Well, part of the question asks to find the Force on the long side of the pool (F_l). I only really guessed here.

And the precision thing makes sense. It's just, the integrals don't.

 

[haruspex]

Well, part of the question asks to find the Force on the long side of the pool (F_l). I only really guessed here.

For the forces on the sides you will need integrals, but you can't use the force on the floor as the integrand. The force on the side won't depend on the pool area.
What is the pressure at depth x? What force does that exert on a wall over a horizontal strip of height dx?

 

[Okazaki]

For the forces on the sides you will need integrals, but you can't use the force on the floor as the integrand. The force on the side won't depend on the pool area.
What is the pressure at depth x? What force does that exert on a wall over a horizontal strip of height dx?

That would give you the exact same equation I had before.

F_l = ∫(p0 + ρdensity*g*h)A
from 0 to 3 m

 

[haruspex]

That would give you the exact same equation I had before.

F_l = ∫(p0 + ρdensity*g*h)A
from 0 to 3 m

Where h and A are what, exactly?

 

[Okazaki]

Where h and A are what, exactly?

A is area and h is height or depth.

 

[haruspex]

A is area and h is height or depth.

No, I said exactly, i.e. in the present context. The area of what, and what is it in terms of pool dimensions and the depth variable? h is the depth of what?

 

[Okazaki]

No, I said exactly, i.e. in the present context.
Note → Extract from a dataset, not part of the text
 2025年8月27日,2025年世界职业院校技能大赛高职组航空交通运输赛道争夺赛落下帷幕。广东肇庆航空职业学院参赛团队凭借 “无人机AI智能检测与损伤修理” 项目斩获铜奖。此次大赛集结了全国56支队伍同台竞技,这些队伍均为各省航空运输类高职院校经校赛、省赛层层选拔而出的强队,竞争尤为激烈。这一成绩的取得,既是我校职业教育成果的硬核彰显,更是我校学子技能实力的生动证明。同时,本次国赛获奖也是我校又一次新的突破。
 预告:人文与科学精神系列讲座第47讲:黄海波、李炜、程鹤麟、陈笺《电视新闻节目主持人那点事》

The area of what, and what is it in terms of pool dimensions and the depth variable? h is the depth of what?

h is the depth of the pool (so 3 m) and the Area would be length x width (l x w or 25 m * 10 m)

 

[haruspex]

h is the depth of the pool (so 3 m) and the Area would be length x width (l x w or 25 m * 10 m)

No.
The pressure is different at different heights, so you cannot simply multiply by the entire area of a wall. Worse, you have hA in your integral, and according to what you specified above that would be the whole volume.

We need an expression for the force on a thin strip of wall, the full length of the wall, at some depth x, and of height dx. For small dx, we can take the pressure to be uniform over that area. Please post an expression for that force.

 

[Okazaki]

No.
The pressure is different at different heights, so you cannot simply multiply by the entire area of a wall. Worse, you have hA in your integral, and according to what you specified above that would be the whole volume.
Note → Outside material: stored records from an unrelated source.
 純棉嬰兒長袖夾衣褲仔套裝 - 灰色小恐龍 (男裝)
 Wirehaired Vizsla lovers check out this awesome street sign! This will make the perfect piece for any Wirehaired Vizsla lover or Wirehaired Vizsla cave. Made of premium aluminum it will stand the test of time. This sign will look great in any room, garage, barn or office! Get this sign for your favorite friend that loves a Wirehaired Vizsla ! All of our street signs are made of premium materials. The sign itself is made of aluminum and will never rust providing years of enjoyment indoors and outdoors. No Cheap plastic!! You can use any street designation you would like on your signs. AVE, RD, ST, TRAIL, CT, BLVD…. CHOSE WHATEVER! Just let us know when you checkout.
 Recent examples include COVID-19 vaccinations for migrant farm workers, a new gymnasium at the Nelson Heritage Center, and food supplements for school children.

We need an expression for the force on a thin strip of wall, the full length of the wall, at some depth x, and of height dx. For small dx, we can take the pressure to be uniform over that area. Please post an expression for that force.

F_l = ∫(ρ*g*h * l *dh)
from depth 0 m to depth 3 m
l*dh being the area of the long side of the pool

 

[haruspex]

F_l = ∫(ρ*g*h * l *dh)
from depth 0 m to depth 3 m
l*dh being the area of the long side of the pool

Much better, except l*dh is just the area of a strip of height dh, yes? Now integrate that.

 

[Okazaki]

Much better, except l*dh is just the area of a strip of height dh, yes? Now integrate that.

F_l = ∫(ρ*g*h * l *dh)
= ρ*g*l * ∫h dh
= ρ*g*l * h²/2
= 999.97 kg/m³ * 9.8 m/s² * 25 m * (3m)²/2

Which, when you evaluate it all:
= ~1.1 x 10⁶ N

And the formula for F_w is basically the same, just with w x dh instead of l x dh

 

[haruspex]

F_l = ∫(ρ*g*h * l *dh)
= ρ*g*l * ∫h dh
= ρ*g*l * h²/2
= 999.97 kg/m³ * 9.8 m/s² * 25 m * (3m)²/2

Which, when you evaluate it all:
= ~1.1 x 10⁶ N

And the formula for F_w is basically the same, just with w x dh instead of l x dh

looks right.